Data excerpts ->
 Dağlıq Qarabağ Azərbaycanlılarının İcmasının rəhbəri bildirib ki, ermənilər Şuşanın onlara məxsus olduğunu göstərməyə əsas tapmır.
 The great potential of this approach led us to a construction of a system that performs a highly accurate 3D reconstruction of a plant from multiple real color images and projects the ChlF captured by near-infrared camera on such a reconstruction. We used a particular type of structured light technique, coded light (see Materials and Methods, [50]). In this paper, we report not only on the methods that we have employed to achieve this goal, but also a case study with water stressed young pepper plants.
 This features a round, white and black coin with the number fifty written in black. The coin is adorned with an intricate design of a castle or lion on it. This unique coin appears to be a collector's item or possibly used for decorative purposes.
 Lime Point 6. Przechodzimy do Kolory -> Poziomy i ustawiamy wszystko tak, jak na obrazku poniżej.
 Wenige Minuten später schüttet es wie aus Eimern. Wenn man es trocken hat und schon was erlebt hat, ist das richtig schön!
* * *
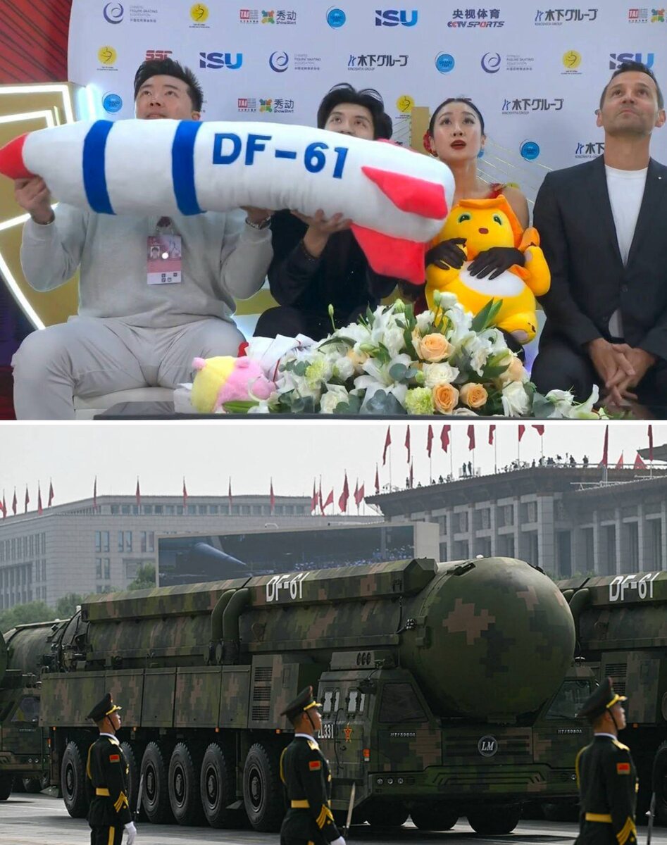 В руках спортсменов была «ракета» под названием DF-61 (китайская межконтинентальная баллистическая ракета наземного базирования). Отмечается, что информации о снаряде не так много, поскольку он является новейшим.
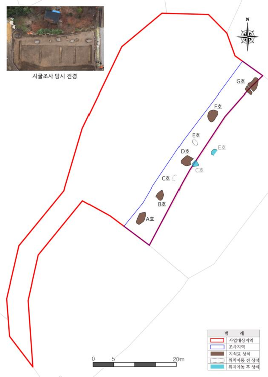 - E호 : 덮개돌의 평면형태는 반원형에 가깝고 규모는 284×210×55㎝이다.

Task brief -> Give back precisely the lines above that start at the line containing "The great potential" and end at the line containing "Wenige Minuten später", inclusive. No other lines belong in the output.

Response ->
 The great potential of this approach led us to a construction of a system that performs a highly accurate 3D reconstruction of a plant from multiple real color images and projects the ChlF captured by near-infrared camera on such a reconstruction. We used a particular type of structured light technique, coded light (see Materials and Methods, [50]). In this paper, we report not only on the methods that we have employed to achieve this goal, but also a case study with water stressed young pepper plants.
 This features a round, white and black coin with the number fifty written in black. The coin is adorned with an intricate design of a castle or lion on it. This unique coin appears to be a collector's item or possibly used for decorative purposes.
 Lime Point 6. Przechodzimy do Kolory -> Poziomy i ustawiamy wszystko tak, jak na obrazku poniżej.
 Wenige Minuten später schüttet es wie aus Eimern. Wenn man es trocken hat und schon was erlebt hat, ist das richtig schön!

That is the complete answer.